◆ EXERCISE MATERIAL
=====
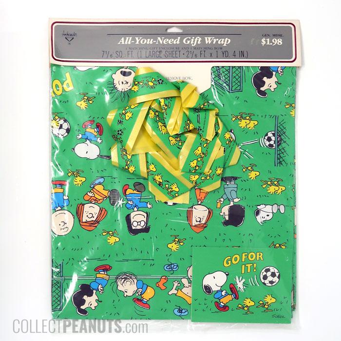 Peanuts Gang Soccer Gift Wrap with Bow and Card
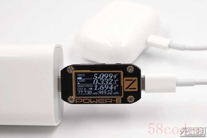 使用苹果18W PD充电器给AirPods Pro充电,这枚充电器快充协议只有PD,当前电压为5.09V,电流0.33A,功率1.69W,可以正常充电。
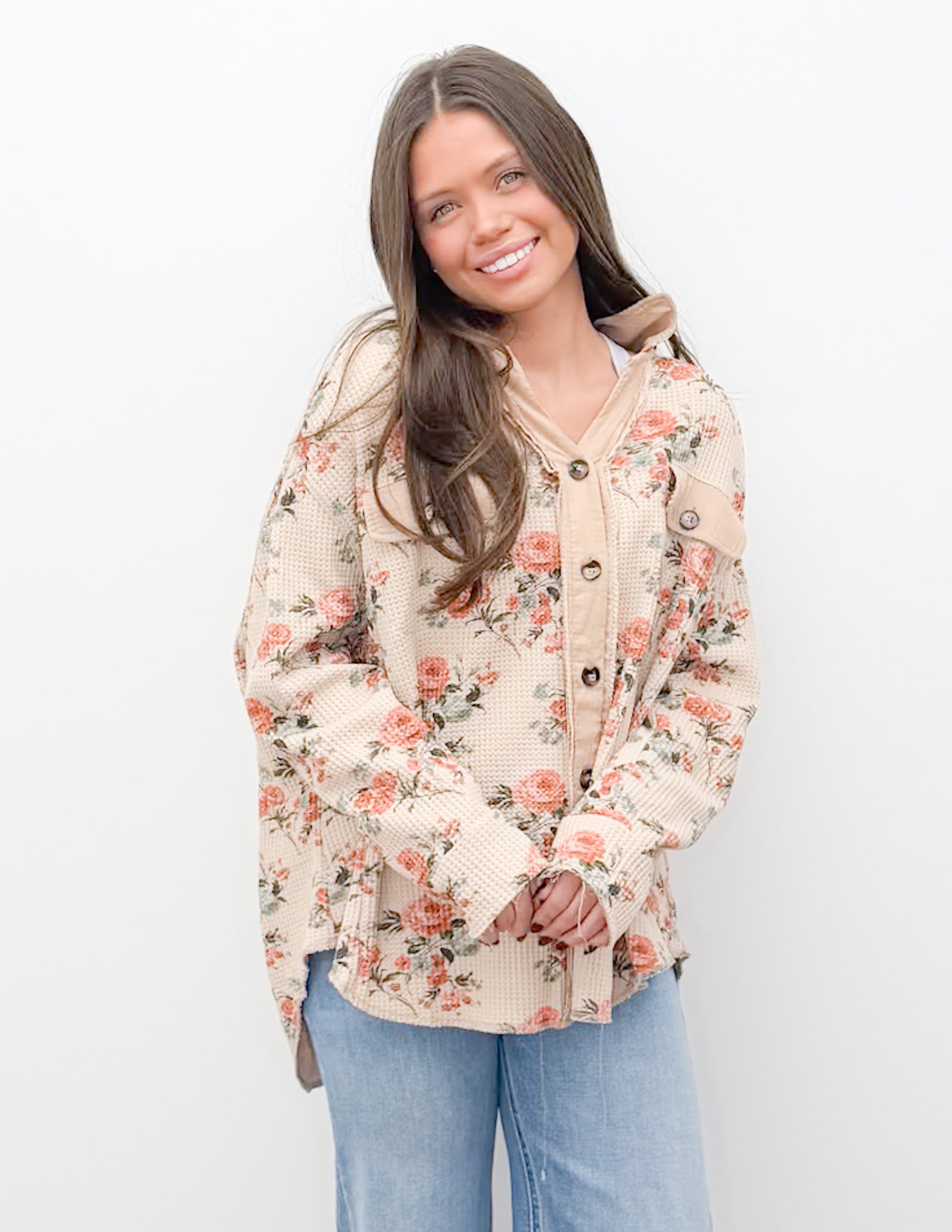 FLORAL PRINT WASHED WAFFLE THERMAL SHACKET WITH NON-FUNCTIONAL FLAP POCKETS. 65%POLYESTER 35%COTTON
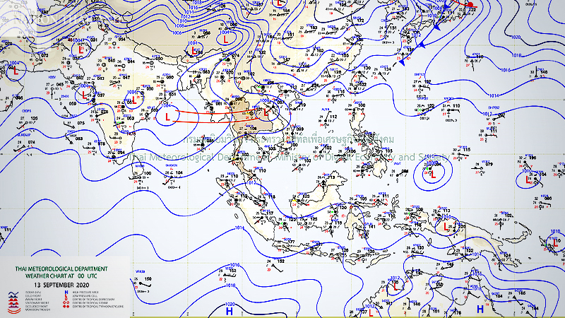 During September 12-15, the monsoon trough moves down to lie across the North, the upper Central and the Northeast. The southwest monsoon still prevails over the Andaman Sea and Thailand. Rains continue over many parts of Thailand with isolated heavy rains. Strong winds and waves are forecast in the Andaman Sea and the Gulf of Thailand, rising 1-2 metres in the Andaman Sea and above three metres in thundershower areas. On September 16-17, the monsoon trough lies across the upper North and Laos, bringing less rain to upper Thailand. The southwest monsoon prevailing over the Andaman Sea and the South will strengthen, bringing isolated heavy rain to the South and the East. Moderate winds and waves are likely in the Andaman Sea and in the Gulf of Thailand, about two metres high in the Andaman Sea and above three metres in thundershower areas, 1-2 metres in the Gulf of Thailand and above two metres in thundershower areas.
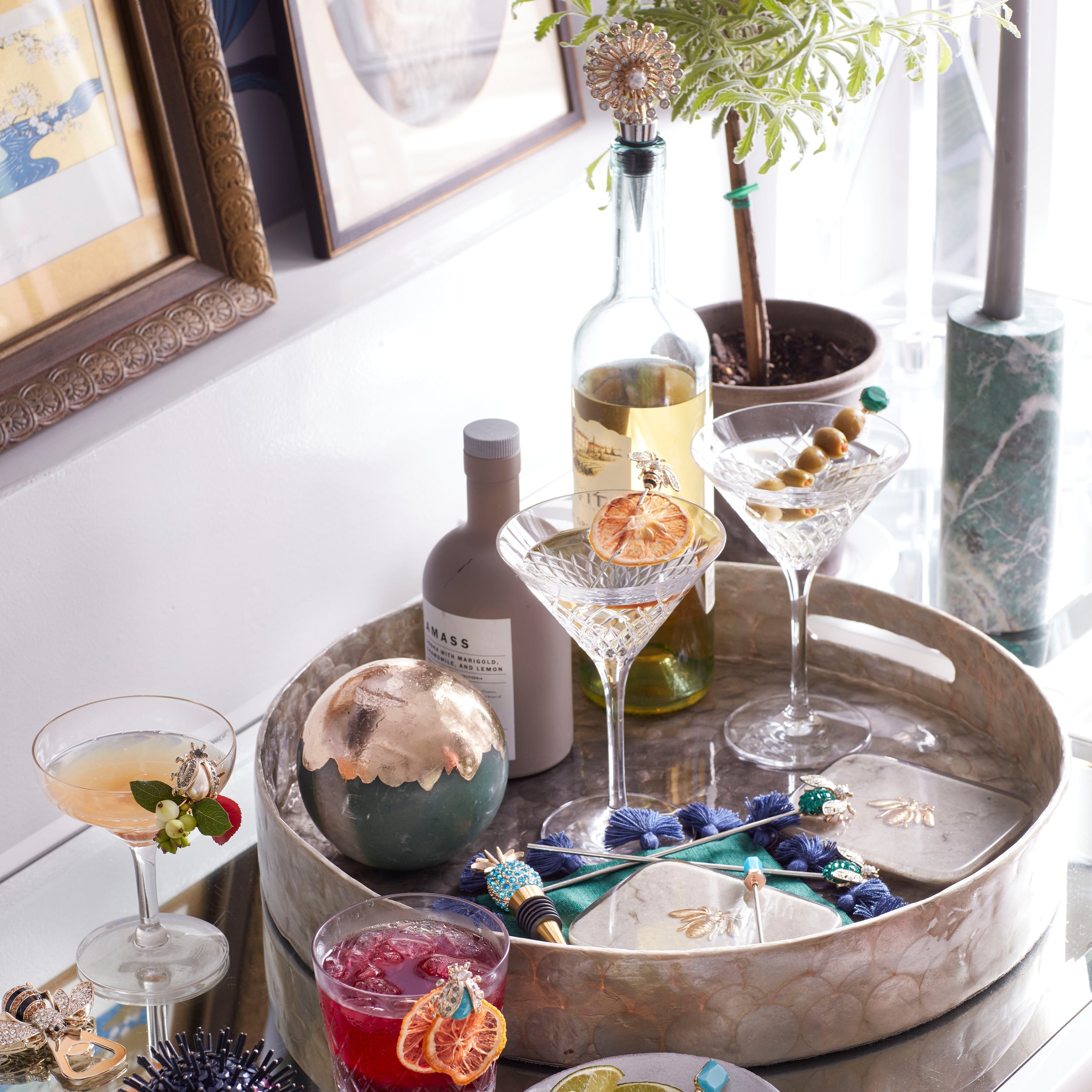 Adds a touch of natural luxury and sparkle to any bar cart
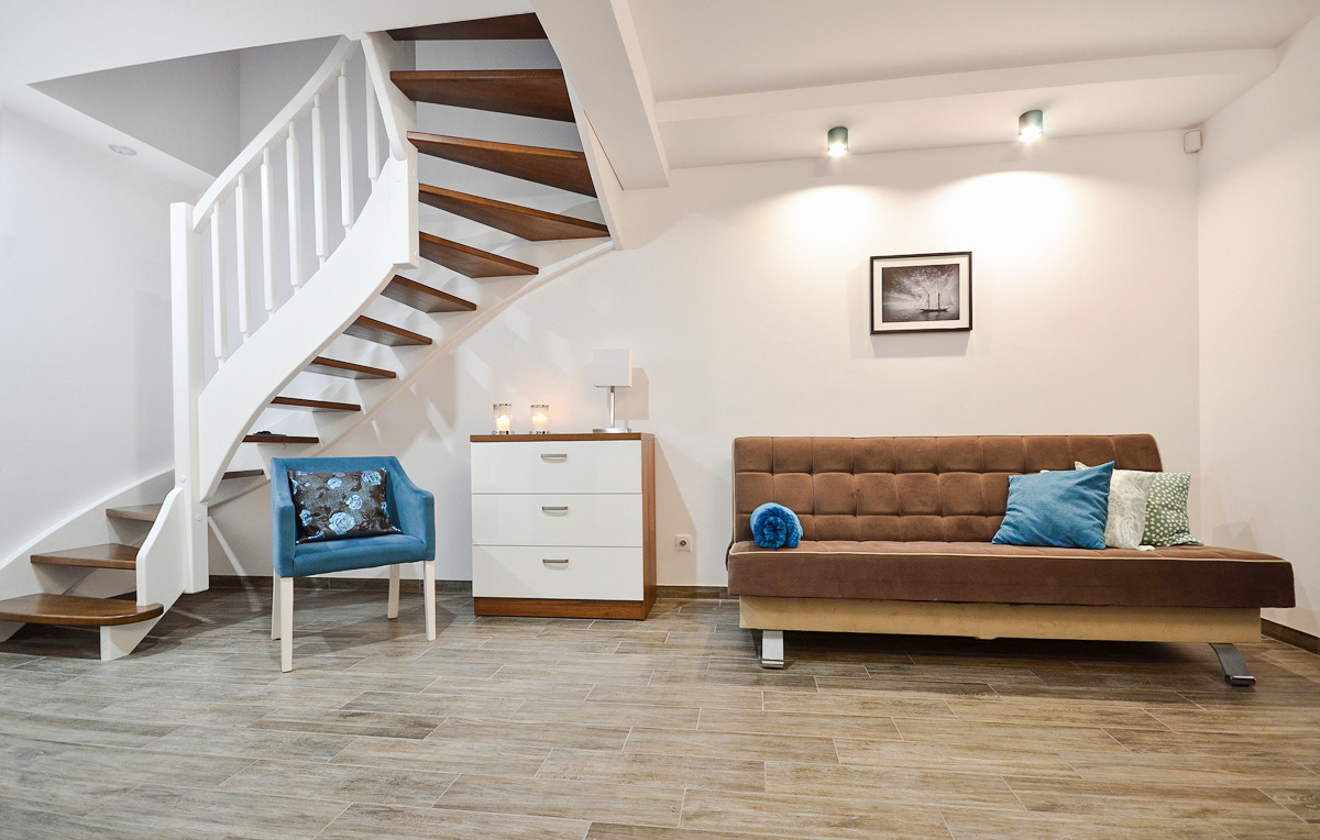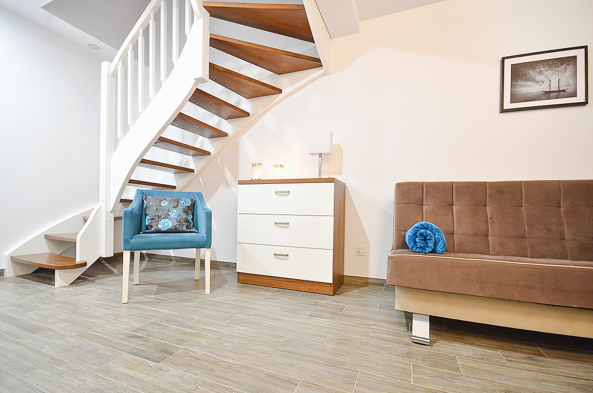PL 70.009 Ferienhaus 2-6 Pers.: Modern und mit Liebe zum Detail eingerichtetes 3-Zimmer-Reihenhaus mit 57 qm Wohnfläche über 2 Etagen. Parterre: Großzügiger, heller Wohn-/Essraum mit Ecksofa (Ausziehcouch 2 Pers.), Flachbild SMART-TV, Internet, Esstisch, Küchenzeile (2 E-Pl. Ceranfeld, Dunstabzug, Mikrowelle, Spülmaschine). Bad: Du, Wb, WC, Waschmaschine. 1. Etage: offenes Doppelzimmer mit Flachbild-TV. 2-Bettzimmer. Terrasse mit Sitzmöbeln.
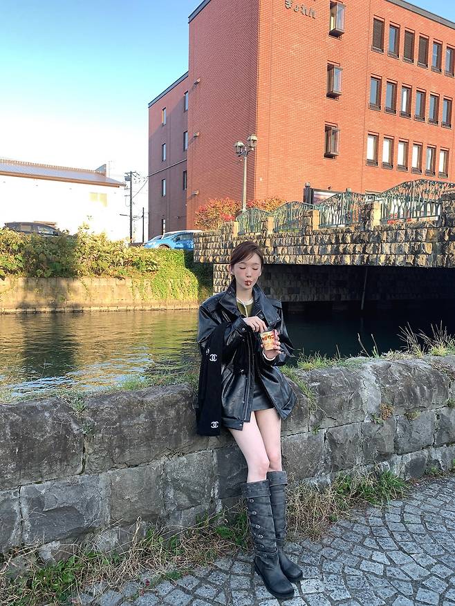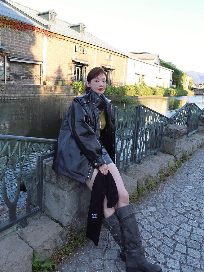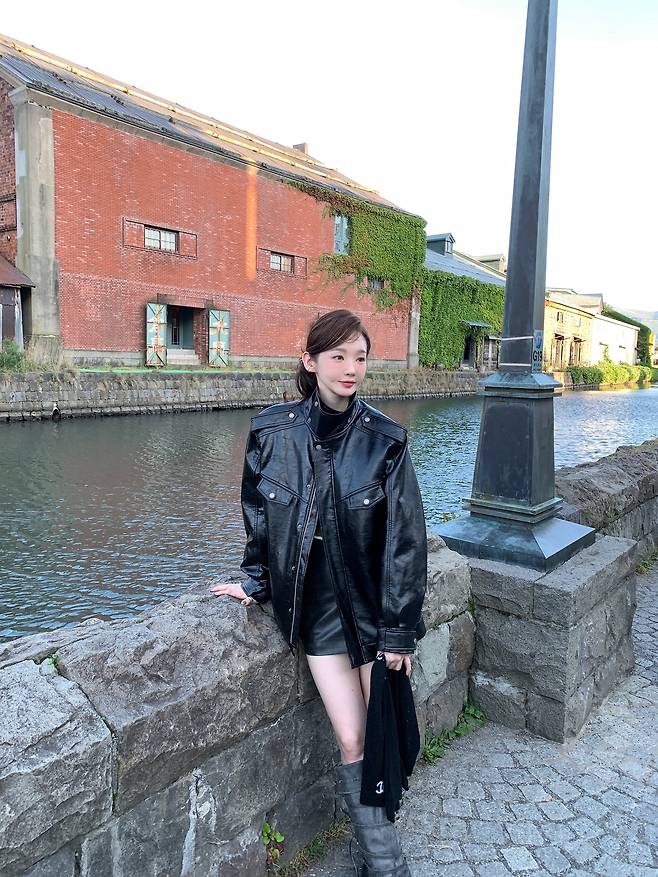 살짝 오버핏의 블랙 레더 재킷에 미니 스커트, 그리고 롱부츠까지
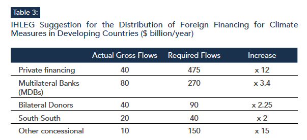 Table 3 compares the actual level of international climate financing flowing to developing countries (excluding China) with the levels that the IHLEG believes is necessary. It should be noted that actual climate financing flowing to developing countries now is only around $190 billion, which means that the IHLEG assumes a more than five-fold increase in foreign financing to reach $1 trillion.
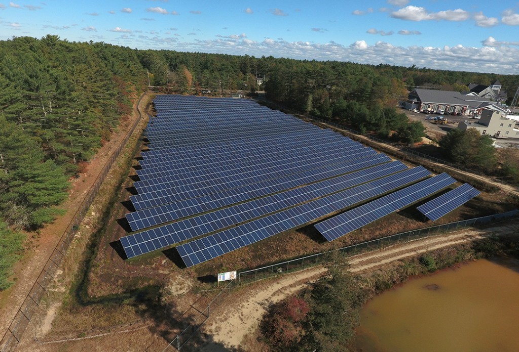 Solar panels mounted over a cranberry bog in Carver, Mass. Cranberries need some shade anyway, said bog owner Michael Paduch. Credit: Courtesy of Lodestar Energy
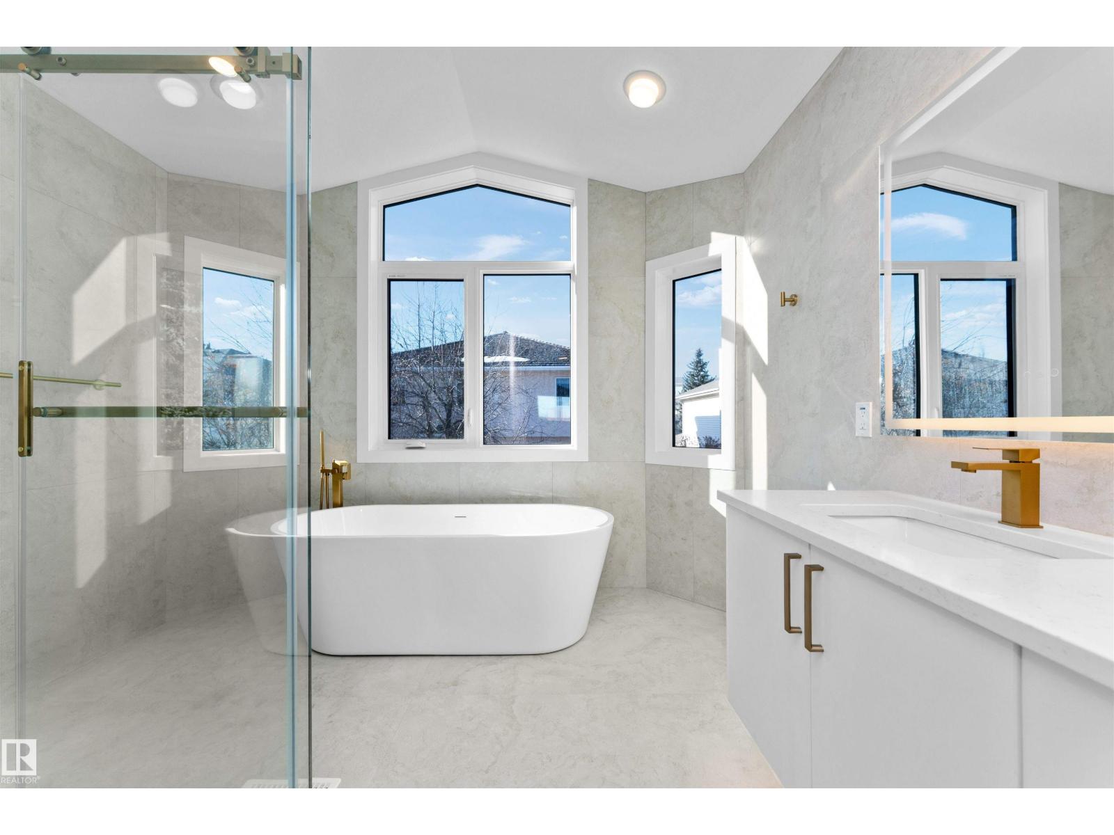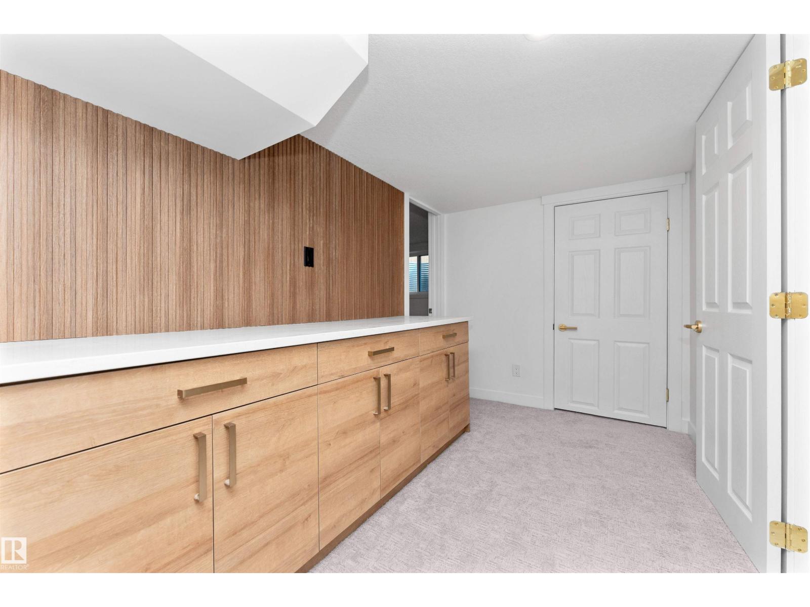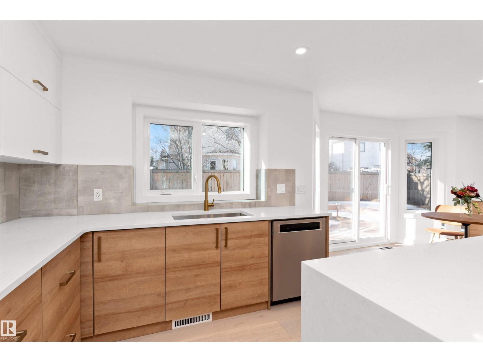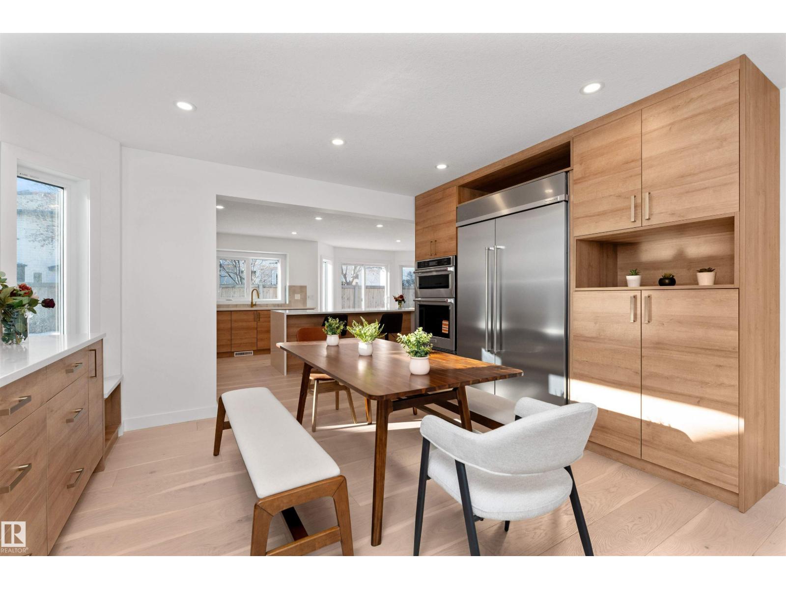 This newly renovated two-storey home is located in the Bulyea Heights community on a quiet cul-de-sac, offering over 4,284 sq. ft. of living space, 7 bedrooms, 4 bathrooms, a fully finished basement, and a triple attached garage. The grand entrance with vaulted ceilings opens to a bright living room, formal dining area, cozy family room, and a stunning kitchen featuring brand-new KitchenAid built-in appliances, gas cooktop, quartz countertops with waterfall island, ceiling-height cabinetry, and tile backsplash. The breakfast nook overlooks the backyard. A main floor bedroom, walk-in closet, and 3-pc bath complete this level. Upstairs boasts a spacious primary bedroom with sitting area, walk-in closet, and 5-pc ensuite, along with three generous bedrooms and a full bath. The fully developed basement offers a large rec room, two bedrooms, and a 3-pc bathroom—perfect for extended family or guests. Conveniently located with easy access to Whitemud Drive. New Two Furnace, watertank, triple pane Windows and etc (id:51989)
=====
◆ WHAT TO DO
Exact copy, pictures excluded: from the line with "During September 12-15, the" up to and including the line with "Adds a touch" in the data above.

◆ RESULT BELOW
 During September 12-15, the monsoon trough moves down to lie across the North, the upper Central and the Northeast. The southwest monsoon still prevails over the Andaman Sea and Thailand. Rains continue over many parts of Thailand with isolated heavy rains. Strong winds and waves are forecast in the Andaman Sea and the Gulf of Thailand, rising 1-2 metres in the Andaman Sea and above three metres in thundershower areas. On September 16-17, the monsoon trough lies across the upper North and Laos, bringing less rain to upper Thailand. The southwest monsoon prevailing over the Andaman Sea and the South will strengthen, bringing isolated heavy rain to the South and the East. Moderate winds and waves are likely in the Andaman Sea and in the Gulf of Thailand, about two metres high in the Andaman Sea and above three metres in thundershower areas, 1-2 metres in the Gulf of Thailand and above two metres in thundershower areas.
 Adds a touch of natural luxury and sparkle to any bar cart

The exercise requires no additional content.